## PROBLEM
Set the pictures aside and set down only the lines from the line holding "Dámske šaty s" through the end of the entries below, ends included.

Stored items from a collection:
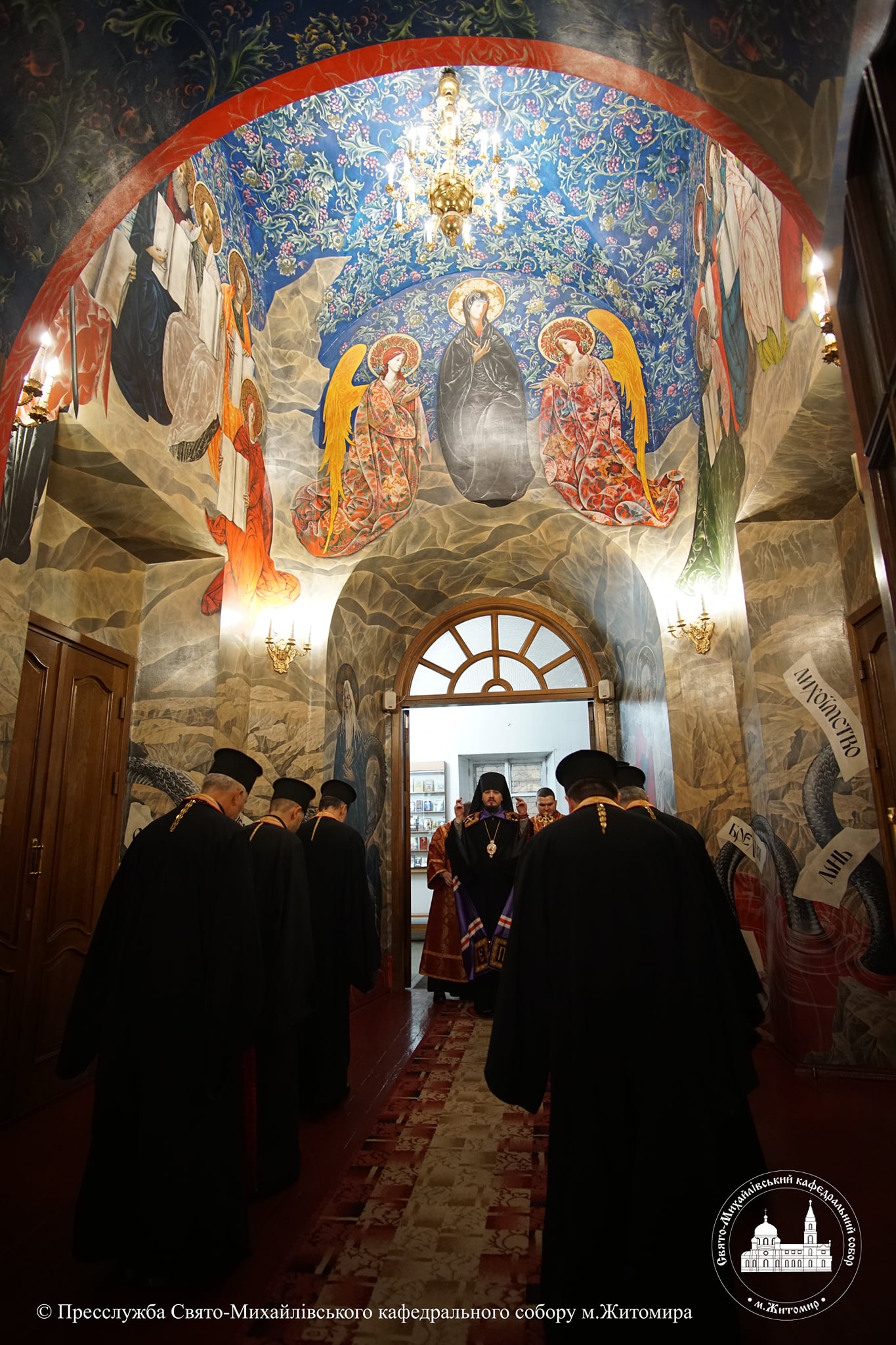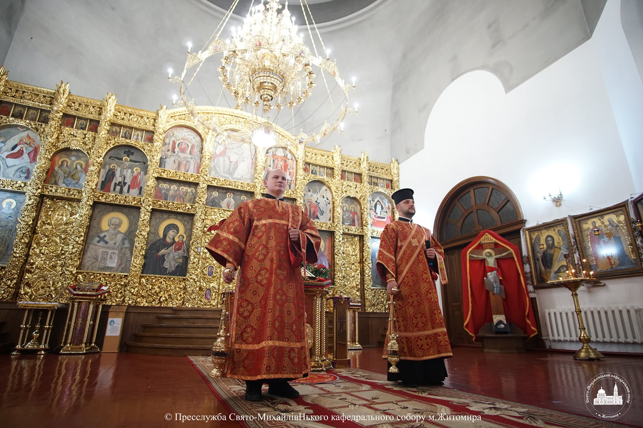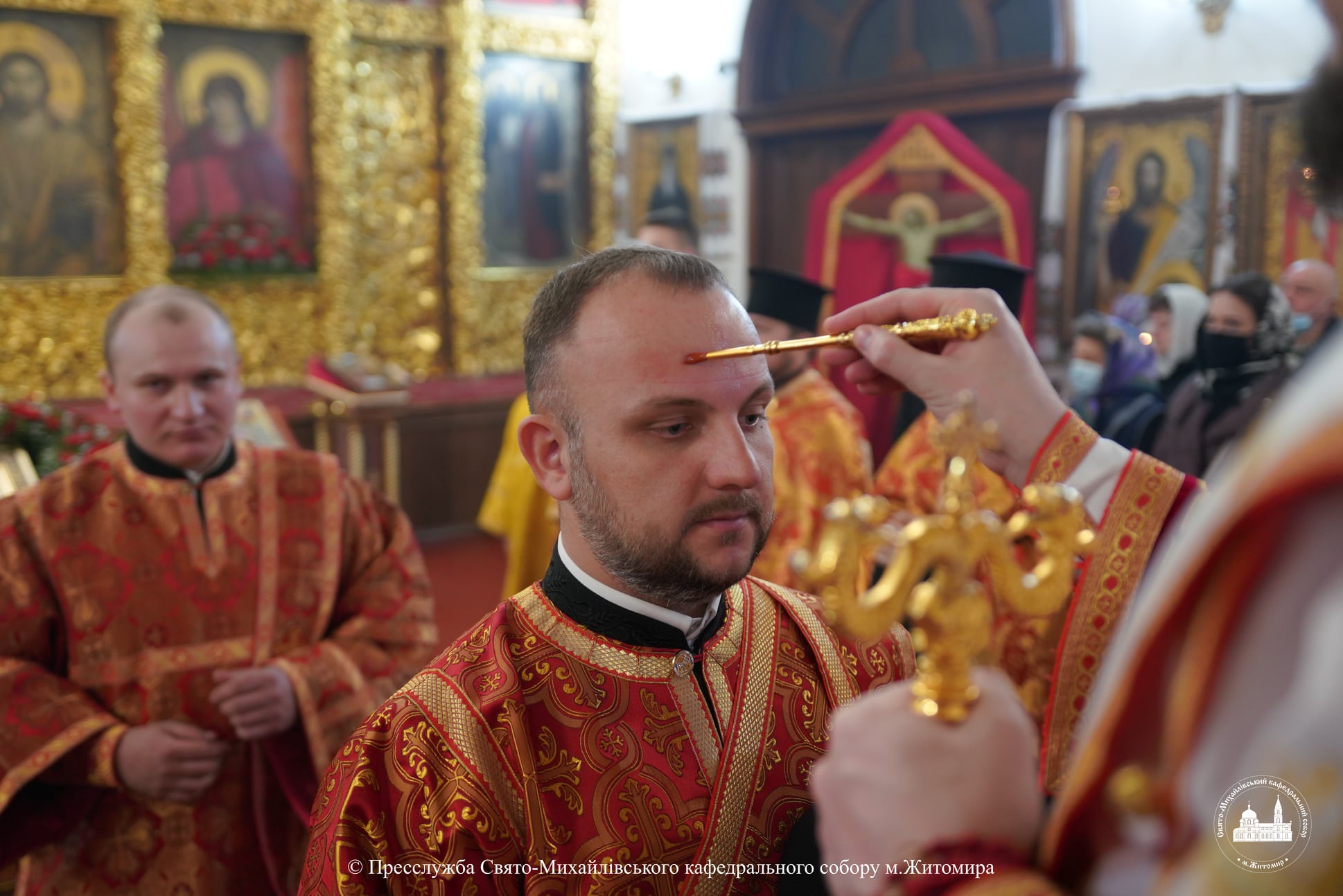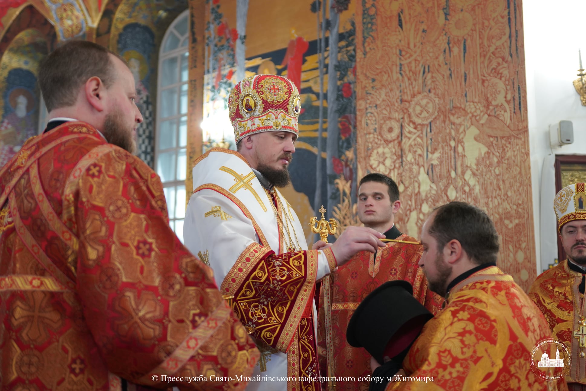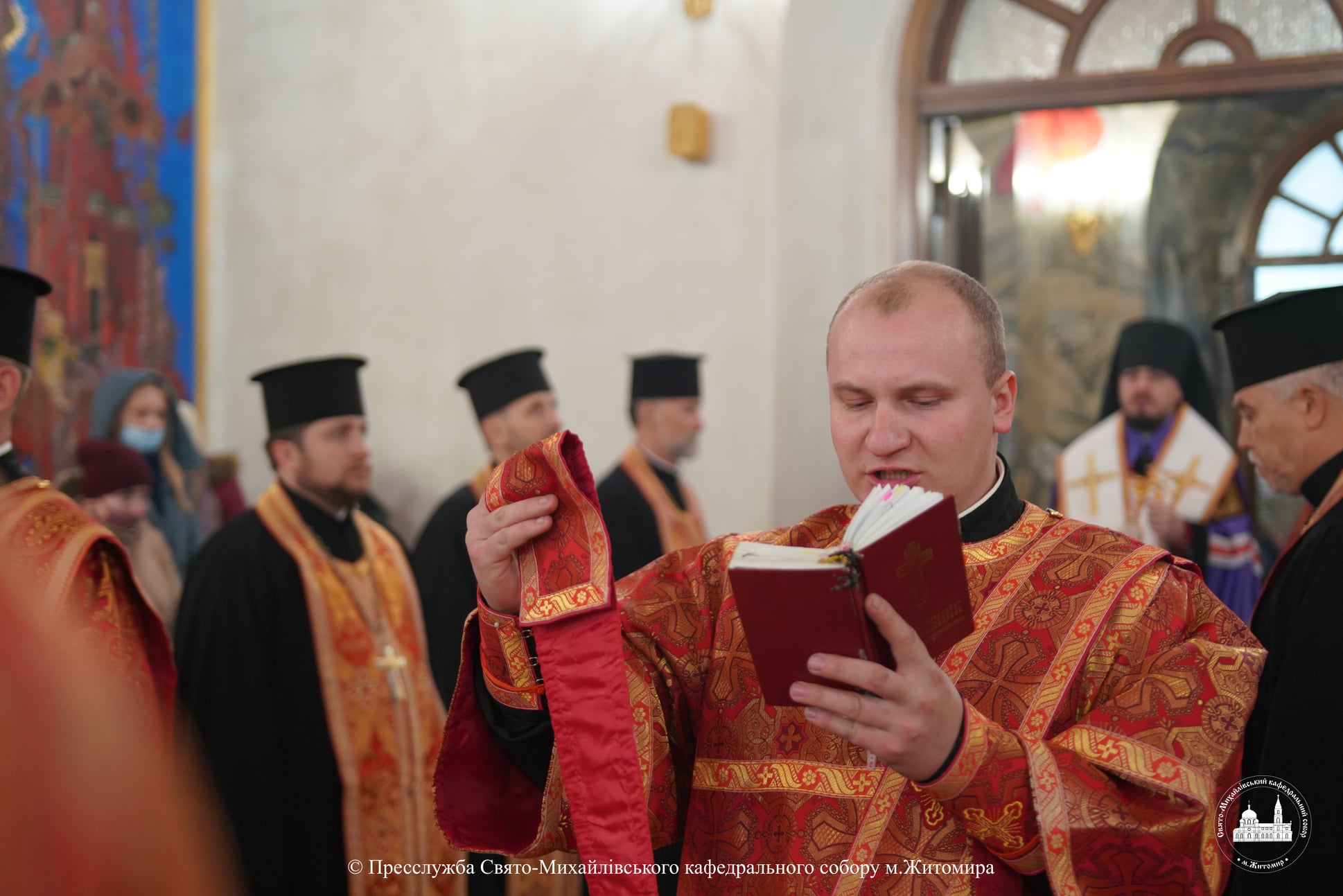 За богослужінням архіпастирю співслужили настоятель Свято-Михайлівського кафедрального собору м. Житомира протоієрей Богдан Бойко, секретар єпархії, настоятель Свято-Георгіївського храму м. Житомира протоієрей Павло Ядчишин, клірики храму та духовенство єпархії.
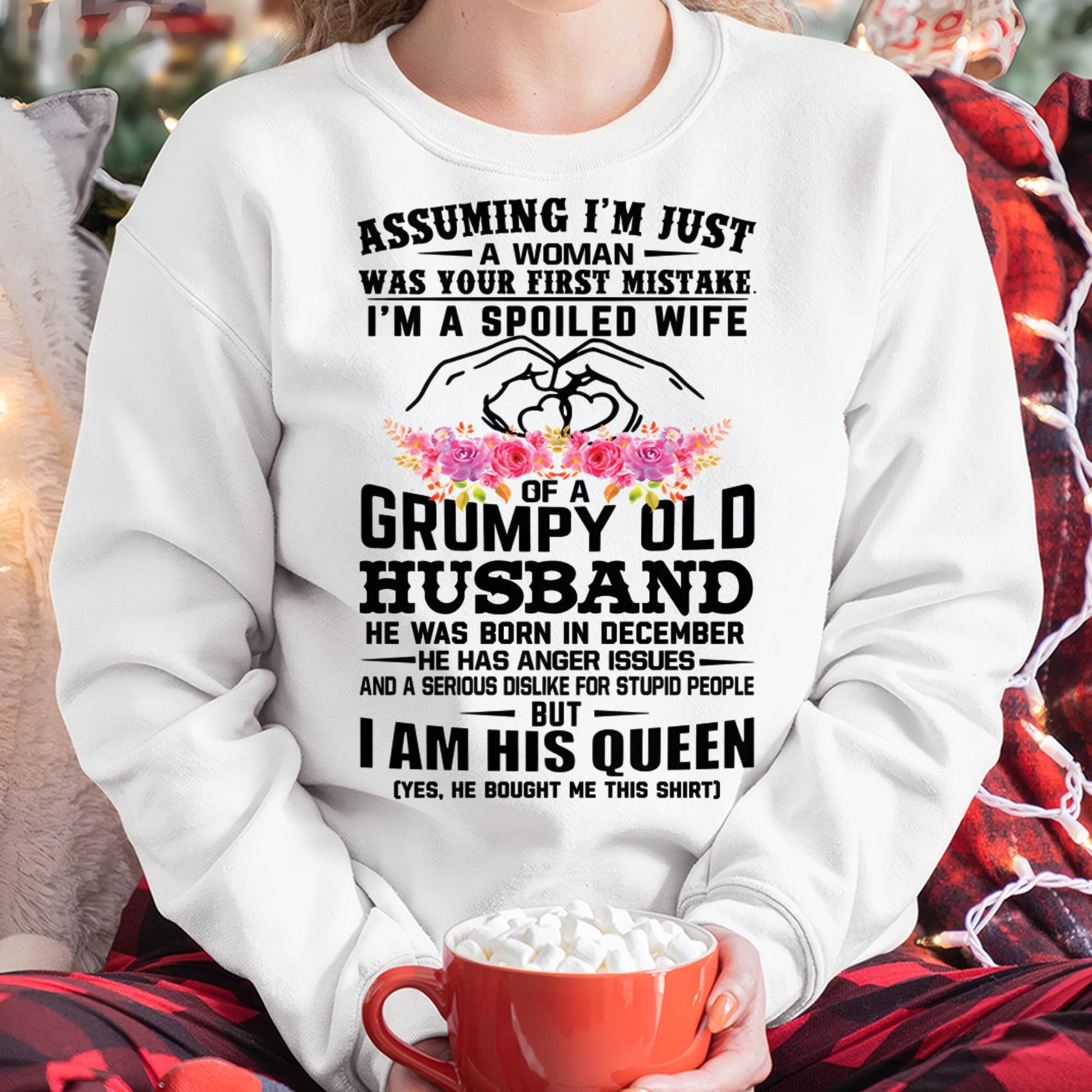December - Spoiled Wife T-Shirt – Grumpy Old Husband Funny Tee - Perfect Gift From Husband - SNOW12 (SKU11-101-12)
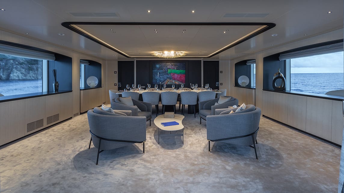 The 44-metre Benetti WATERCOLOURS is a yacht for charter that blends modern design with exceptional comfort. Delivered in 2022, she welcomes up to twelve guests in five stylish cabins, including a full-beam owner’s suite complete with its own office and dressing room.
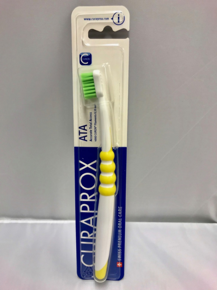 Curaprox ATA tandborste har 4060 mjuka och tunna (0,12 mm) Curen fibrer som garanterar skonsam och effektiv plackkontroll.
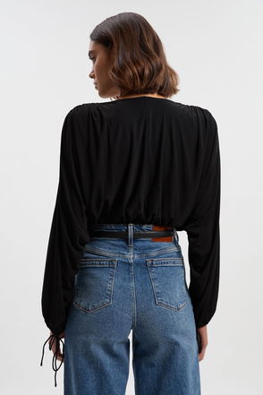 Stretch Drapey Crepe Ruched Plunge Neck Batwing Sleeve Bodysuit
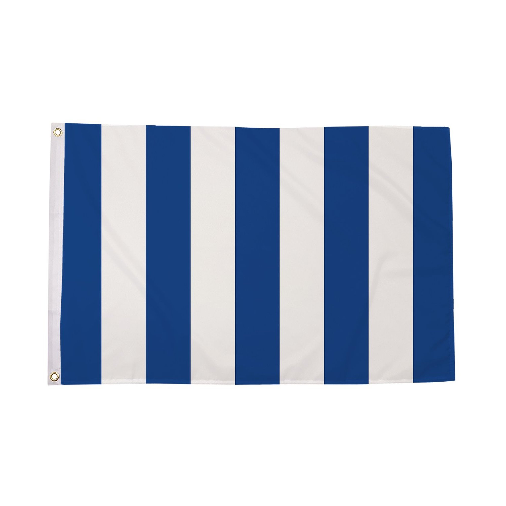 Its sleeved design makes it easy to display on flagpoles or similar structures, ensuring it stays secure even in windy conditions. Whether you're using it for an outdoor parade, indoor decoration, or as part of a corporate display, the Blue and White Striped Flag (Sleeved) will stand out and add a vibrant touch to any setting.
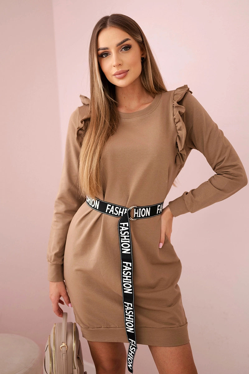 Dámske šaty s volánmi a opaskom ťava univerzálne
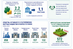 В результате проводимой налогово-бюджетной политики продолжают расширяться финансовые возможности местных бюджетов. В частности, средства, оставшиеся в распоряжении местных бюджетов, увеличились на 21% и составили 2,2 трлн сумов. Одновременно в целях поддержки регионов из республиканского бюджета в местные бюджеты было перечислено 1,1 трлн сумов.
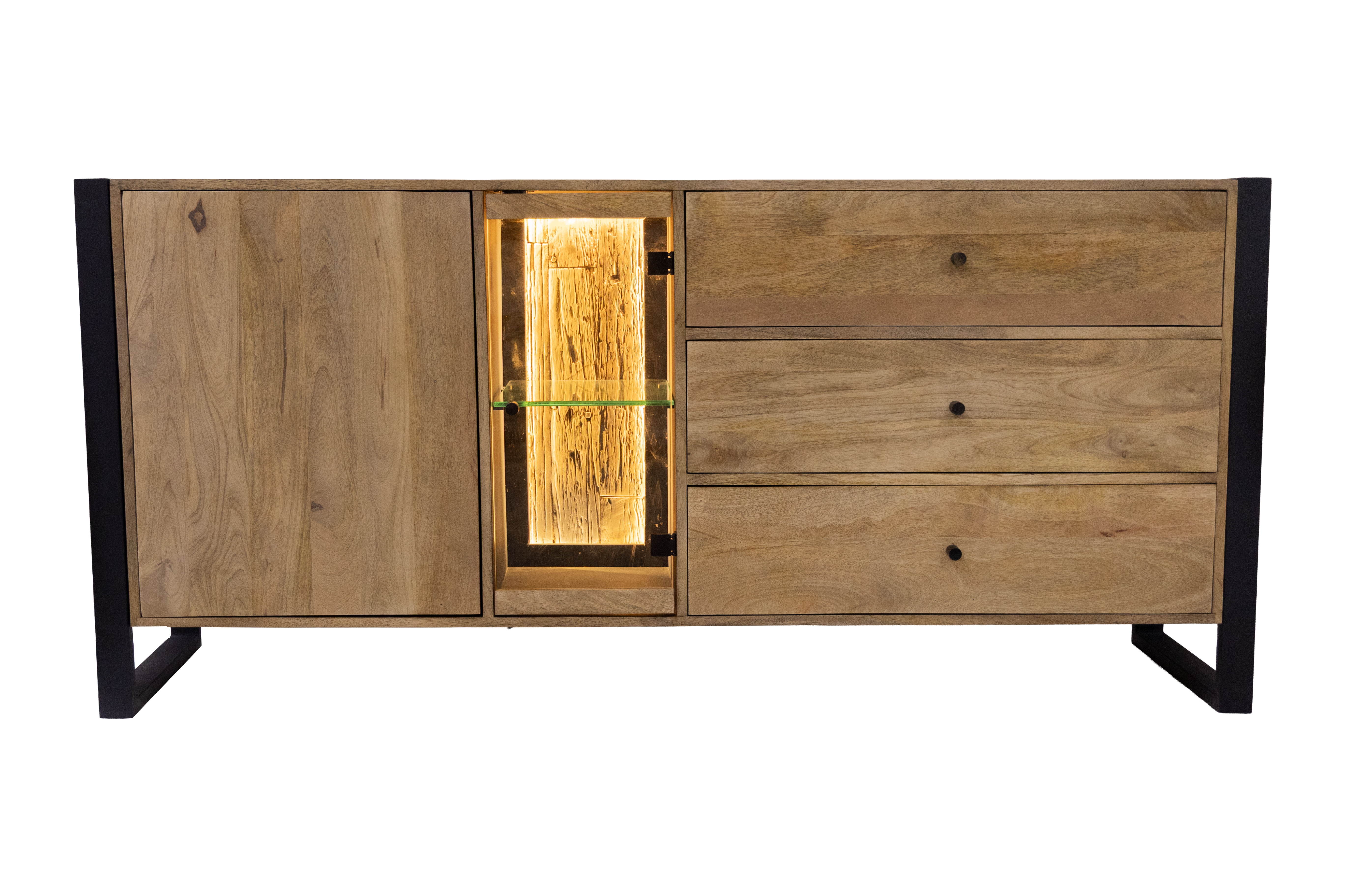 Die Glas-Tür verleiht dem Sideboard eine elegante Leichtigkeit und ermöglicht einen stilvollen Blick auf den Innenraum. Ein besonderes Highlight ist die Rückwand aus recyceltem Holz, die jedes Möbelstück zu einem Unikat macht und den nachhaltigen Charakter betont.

## RESULT
 Dámske šaty s volánmi a opaskom ťava univerzálne
 В результате проводимой налогово-бюджетной политики продолжают расширяться финансовые возможности местных бюджетов. В частности, средства, оставшиеся в распоряжении местных бюджетов, увеличились на 21% и составили 2,2 трлн сумов. Одновременно в целях поддержки регионов из республиканского бюджета в местные бюджеты было перечислено 1,1 трлн сумов.
 Die Glas-Tür verleiht dem Sideboard eine elegante Leichtigkeit und ermöglicht einen stilvollen Blick auf den Innenraum. Ein besonderes Highlight ist die Rückwand aus recyceltem Holz, die jedes Möbelstück zu einem Unikat macht und den nachhaltigen Charakter betont.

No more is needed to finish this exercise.